LONDON (AFP) - British espionage writer John le Carre admitted he was tempted to defect to the Soviet Union during the Cold War, in an interview with The Sunday Times newspaper.
The 76-year-old author, real name David Cornwell, famed for his Cold War spy-thriller novels, said he was not attracted to communism but was curious to find out what life was like on the other side of the Iron Curtain in the 1960s.



Le Carre: I considered defecting to Soviets
"When you spy intensively and you get closer and closer to the border... it seems such a small step to jump... and, you know, find out the rest," the writer said.
Asked if he was genuinely tempted, he replied: "Yes, there was a time when I was, yes."
Le Carre worked for the Secret Intelligence Service (MI6), Britain's external intelligence agency.
But his career as a secret agent was wrecked by Kim Philby, a British double agent who blew the cover of many British agents to the KGB Soviet intelligence agency.

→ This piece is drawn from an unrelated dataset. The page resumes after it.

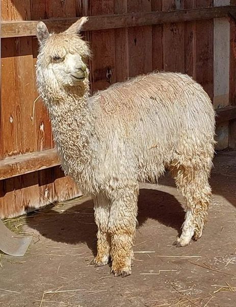 Fein im Vlies , volle Bewollung mit starkem Wachstum, ein sehr typvoller Suri Junghengst mit bestem Pedigree .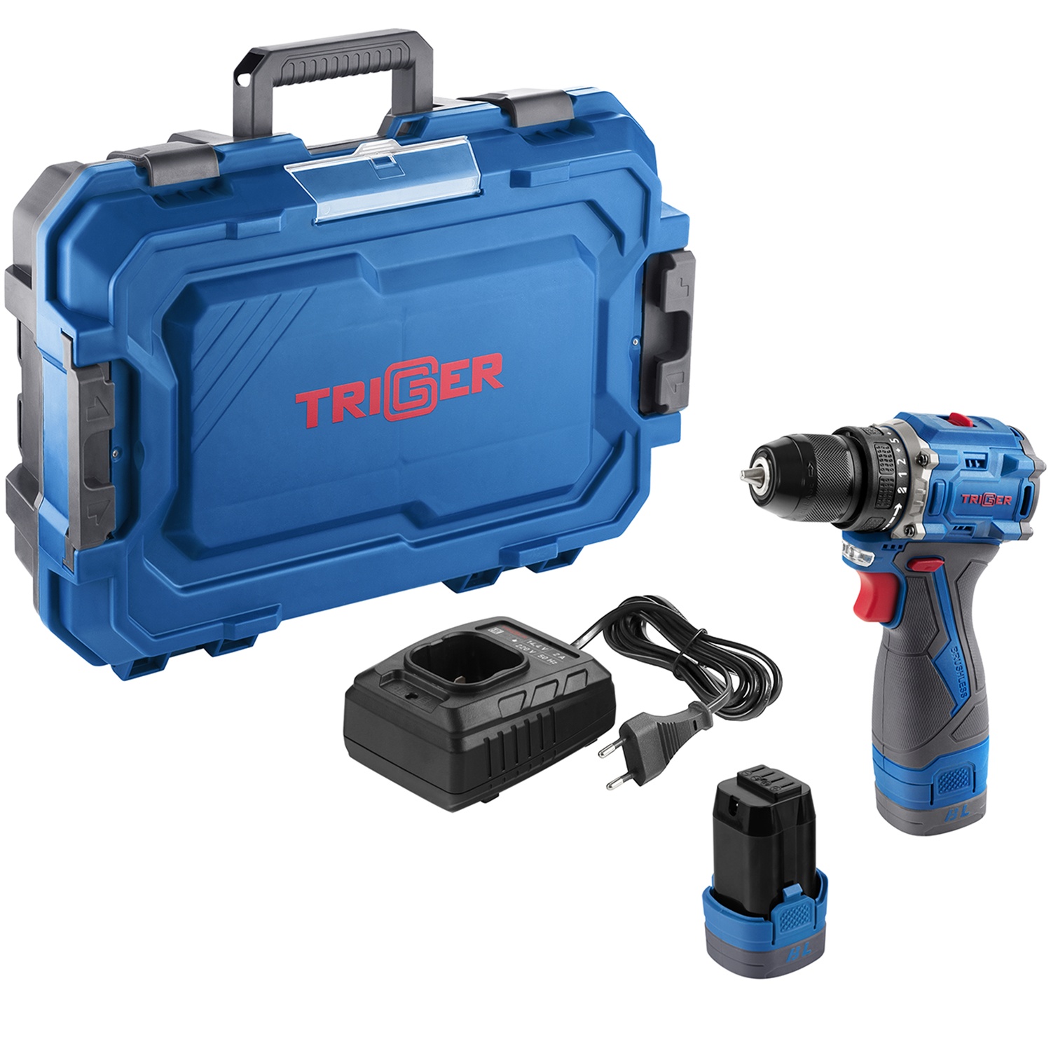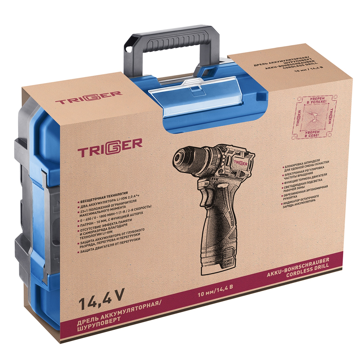 Дрель-шуруповерт Trigger 20130, бесщеточная, 14,4V, 10 мм, 35 Нм, 2 аккумулятора Li-ion (2Ач), кейс

His most well-known novel, "Tinker, Tailor, Soldier, Spy" (1974), deals with a Soviet mole and is based on his experiences from the 1950s and 1960s, drawing on Philby's role.
Le Carre was offered the chance to dine with Philby in 1987, by a Soviet intermediary, but turned it down.
"I just couldn't do it... he was responsible for sending countless British agents to their deaths, to be killed -- 40 or more in Albania."